To counter the threats from hospitals and other providers, the nursing home industry is considering ways to extract more money from Medicaid patients or their families. One option might be to convert potential Medicaid patients into private-pay patients. This could be accomplished by persuading regulators to tighten up on loopholes that currently allow many middle-class elderly people to meet Medicaid's poverty test on paper by transferring assets to their children. Nursing homes also would like to loosen some tight state regulations on their operations in order to reduce a few costs.
Regulators say they're considering changes in reimbursement methods that would give nursing homes more incentives to act like HMOs and save money on care. But many state officials say there's little room for savings in reimbursements to nursing homes and most other health-care providers. Most already suffered reimbursement rate cuts in the most recent budget adopted by the Legislature in May. "There's just not a long way to go there," says Marshall Kelley, the state's Medicaid director.

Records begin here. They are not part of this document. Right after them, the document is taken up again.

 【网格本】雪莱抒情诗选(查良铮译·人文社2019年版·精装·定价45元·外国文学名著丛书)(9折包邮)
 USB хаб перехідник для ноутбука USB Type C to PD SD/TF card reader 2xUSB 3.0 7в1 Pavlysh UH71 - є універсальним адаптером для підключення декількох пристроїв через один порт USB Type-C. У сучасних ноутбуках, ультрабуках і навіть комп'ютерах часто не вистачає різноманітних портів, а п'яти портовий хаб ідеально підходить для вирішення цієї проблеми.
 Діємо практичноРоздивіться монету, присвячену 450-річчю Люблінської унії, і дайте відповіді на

A possible exception, according to several analysts, is the Medicaid HMO industry, which continues to operate on a generous state formula. Medicaid HMOs are making pots of money, some analysts say. During the 1995 session, the Legislature came close to making sharp cuts in reimbursement rates to Medicaid HMOs, and it's likely to try again in 1996.
Other measures that the state will consider: trimming the specialized services that have been optional for states under Medicaid. In Florida, those include prescription drugs, chiropractic care, podiatry, orthodontic care, speech therapy, mental health care and dental, visual and hearing services. Another possible target is a loophole that has allowed hospitals to bring separate units such as mental health facilities under their licenses, making reimbursement possible for previously non-reimbursable services.

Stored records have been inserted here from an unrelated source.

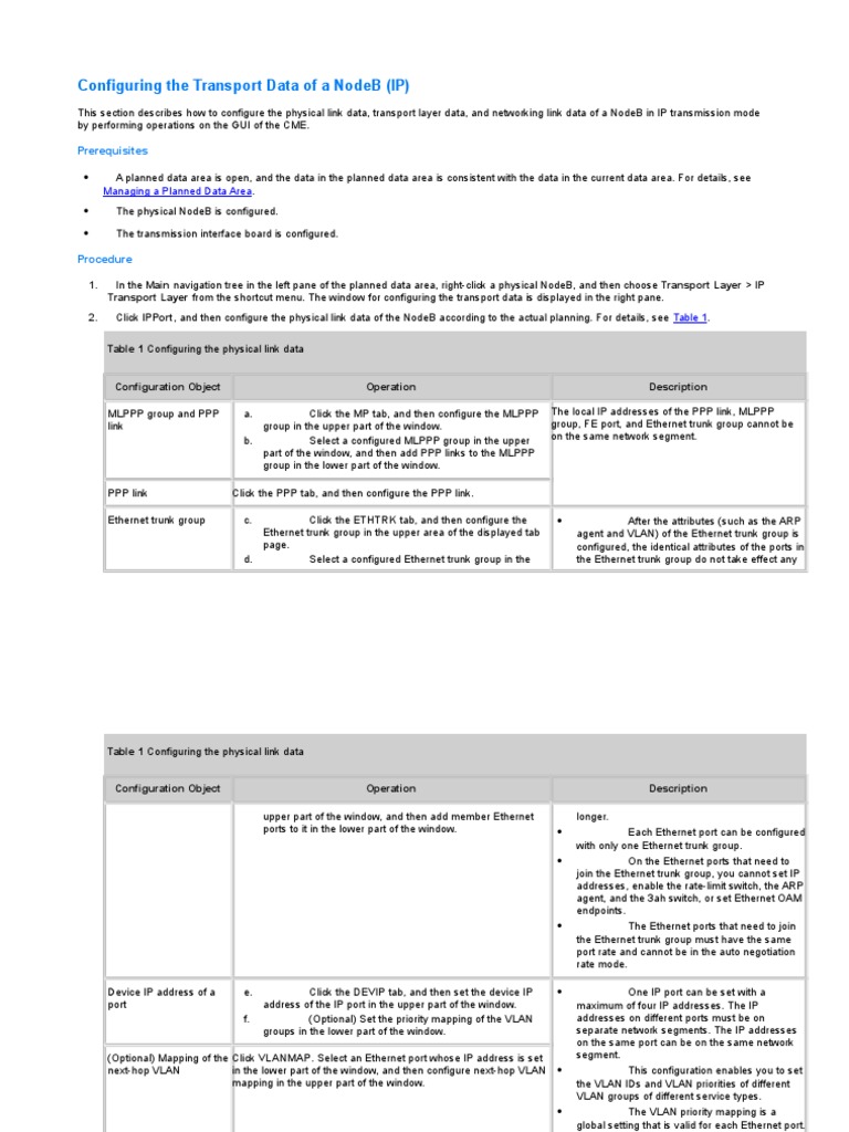 Configure the transport layer data of the NodeB in the configuration sequence shown in Table 2 according to the actual planning.
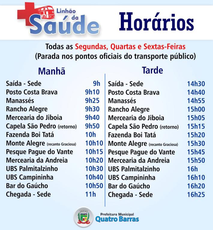 Com a proposta de facilitar e ampliar o atendimento de saúde oferecido às comunidades rurais, a Prefeitura de Quatro Barras implantou desde a segunda-feira (18) o Linhão da Saúde – um transporte gratuito que ligará as Unidades da Sede, Campininha e Palmital, facilitando o acesso da população a serviços como a retirada de medicamentos controlados, marcação de exames e o atendimento em consultas especializadas.
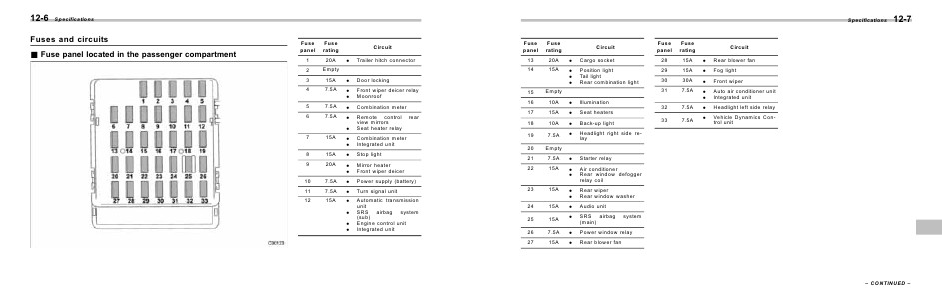 & Fuse panel located in the passenger compartment

Ultimately, officials will also have to tighten eligibility requirements for Medicaid as well. That may well reduce effective demand for health care, but it will also swell the ranks of the uninsured whose chronic health-care needs must be met by someone. In the real world, many more middle-class Americans may find themselves forced to take in their own aging parents rather than relying on subsidized nursing home care. And many businesses will find themselves forced to pay for more indigent care. Getting everyone's hands out of everyone else's pockets turns out to be more challenging than simply passing a budget resolution.
Some trade development officials around the state are ticked off about decreases in funding their groups got from the Florida International Affairs Commission (FIAC) a few weeks ago. For 1995-96, FIAC awarded big increases in annual grants to two groups with strong bases in South Florida, the Latin Chamber of Commerce of the United States and the World Trade Association. FIAC slashed funding for several smaller groups around the state, including some regional IACs. Brett Wattles of Ocala, president of the Greater Central Florida IAC, complains that his group was singled out because he supported transfer of Florida's international trade marketing operations from the Department of Commerce to Enterprise Florida. FIAC supporters want Commerce operations moved to FIAC. Wattles says he believes the cuts were intended as a political message to dissident economic development officials. Several FIAC officials deny that, saying they were seeking only to increase funding for programs that had broad geographic impact. Both the WTA and the Latin Chamber offer export assistance to small companies in a number of cities. "The governor has been very enthusiastic about following up on the Summit of the Americas, and the Latin Chamber and the World Trade Association are on the forefront of that," says Sally Patrenos, FIAC's deputy director.